VANCOUVER AND MONTREAL, Dec. 13 /CNW Telbec/ - Kodiak Exploration
Limited (TSX-V: KXL, "Kodiak") and Golden Goose Resources Inc. (TSX-V: GGR, "Golden Goose") report that the shareholders of Golden Goose have overwhelmingly
approved the proposed plan of arrangement with Kodiak. Shareholders of
Golden Goose demonstrated strong support for the arrangement with
99.85% of vote cast voting in favor of the arrangement. Furthermore,
Golden Goose is pleased to announce that it has satisfied a condition
of the previously announced Arrangement Agreement with Kodiak dated
August 30, 2010 that the registration of Golden Goose's common shares
under Section 12(g) of the U.S. Securities Exchange Act of 1934 be
terminated. The closing of the arrangement is expected shortly after
the final order is rendered by the court.

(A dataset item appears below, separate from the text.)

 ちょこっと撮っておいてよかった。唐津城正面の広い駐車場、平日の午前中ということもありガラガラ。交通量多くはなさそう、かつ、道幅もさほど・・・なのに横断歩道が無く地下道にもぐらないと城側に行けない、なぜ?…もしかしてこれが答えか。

Brian Maher, Chief Executive Officer ("CEO") and President of Kodiak
said, "We thank the shareholders of Golden Goose Resources for their
strong support of this arrangement and for their confidence in our
plans to generate shareholder value. We look forward to closing this
transaction quickly and continuing the corporate transition from
explorer to emerging gold producer."
Francois Perron, CEO, President of Golden Goose Resources, who will be
resigning his positions when the transaction closes, said, "It has been
my privilege to serve Golden Goose shareholders. On behalf of the
Golden Goose Board of Directors, I thank the shareholders for their
resounding approval of this arrangement to begin the next chapter of
the development of Magino Mine project."
On behalf of the Boards of Directors:
Brian J. Maher
President and Chief Executive Officer, Kodiak Exploration Limited
President and Chief Executive Officer, Golden Goose Resources, Inc.

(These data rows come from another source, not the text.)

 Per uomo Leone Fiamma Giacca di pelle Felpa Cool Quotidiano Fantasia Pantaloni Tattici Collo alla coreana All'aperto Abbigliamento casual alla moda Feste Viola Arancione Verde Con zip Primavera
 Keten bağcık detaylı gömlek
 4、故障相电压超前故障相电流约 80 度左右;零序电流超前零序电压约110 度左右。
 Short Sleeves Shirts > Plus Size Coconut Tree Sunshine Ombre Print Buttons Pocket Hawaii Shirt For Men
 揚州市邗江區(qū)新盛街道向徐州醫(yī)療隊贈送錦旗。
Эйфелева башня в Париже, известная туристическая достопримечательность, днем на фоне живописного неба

Neither TSX Venture Exchange nor its Regulation Services Provider (as
that term is defined in the policies of the TSX Venture Exchange)
accepts responsibility for the adequacy or accuracy of this release.
The statement in this document regarding the completion of the merger
may constitute forward-looking information within the meaning of
applicable securities laws. There are a number of factors that could
cause actual results or events to differ materially from those
indicated by such forward-looking information, including delays in
completing the merger and, as such, investors are cautioned not to put
undue reliance on such forward looking information. Except as required
by applicable law, each of Kodiak and Golden Goose disclaims any
intention or obligation to update any forward-looking statements as a
result of developments occurring after the date of this document.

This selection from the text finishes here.